Fast forward to Dreaming Tree. What’s the connection? Essentially, any sort of crafting has the same effect on the brain. When your mind is focused on the task at hand, those neural connections that cause your panic are put on the back burners and slowly (but surely), your brain begins to re-wire itself which results in dampening or giving those panic pathways less fuel.
Psychologist Mihaly Csikszentmihalyi did a TED Talk (link here) where he talked about creating and the “flow” state it creates in the mind. “When we are involved in (creativity), we feel that we are living more fully than during the rest of life, you know that what you need to do is possible to do, even though difficult, and sense of time disappears. You forget yourself. You feel part of something larger.”
Our nervous system can only process so much information at any given time. When you start crafting, everything else that’s going on around you becomes temporarily suspended. “He doesn’t have enough attention left over to monitor how his body feels, or his problems at home. He can’t feel if he’s hungry or tired. His body disappears.” he said.
Not only does crafting act as a meditation, but it can also help your body heal. I won’t get into all of the details but if you’d like to learn more about the benefits of crafting (achieving a state of flow), check out this article from CNN (link here) and this one from the University of Arkansas (link here).

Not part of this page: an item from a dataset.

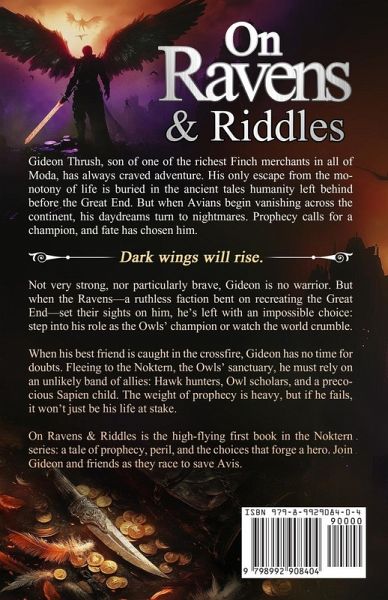 Gideon Thrush, son of one of the richest Finch merchants in all of Moda, has always craved adventure. His only escape from the monotony of life is buried in the ancient tales humanity left behind before the Great End. But when Avians begin vanishing across the continent, his daydreams turn to nightmares. Prophecy calls for a champion, and fate has chosen him. Not very strong, nor particularly brave, Gideon is no warrior. But when the Ravens-a ruthless faction bent on recreating the Great End-set their sights on him, he's left with an impossible choice: step into his role as the Owls' champion or watch the world crumble. When his best friend is caught in the crossfire, Gideon has no time for doubts. Fleeing to the Noktern, the Owls' sanctuary, he must rely on an unlikely band of allies: Hawk hunters, Owl scholars, and a precocious Sapien child. The weight of prophecy is heavy, but if he fails, it won't just be his life at stake. On Ravens & Riddles is the high-flying first book in the Noktern series: a tale of prophecy, peril, and the choices that forge a hero. Join Gideon and friends as they race to save Avis.
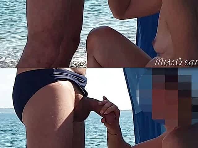 Risky outdoor blowjob on the beach with cumshot - MissCreamy

So why did I spend the last two hours putting this together? I spend a lot of time in the Dreaming Tree group on Facebook and I’ve often wondered, do our Dreamers realize how much good they’re doing for themselves? Often times I see comments like; “it’s not perfect”, “I’m scared to try this”, “not sure I have time”, “this looks difficult” and things of that nature. Don’t worry about perfection, don’t be scared, find the time, be positive and confident! Most importantly, lose yourself in the process and enjoy it. It’s a great recipe for health and happiness.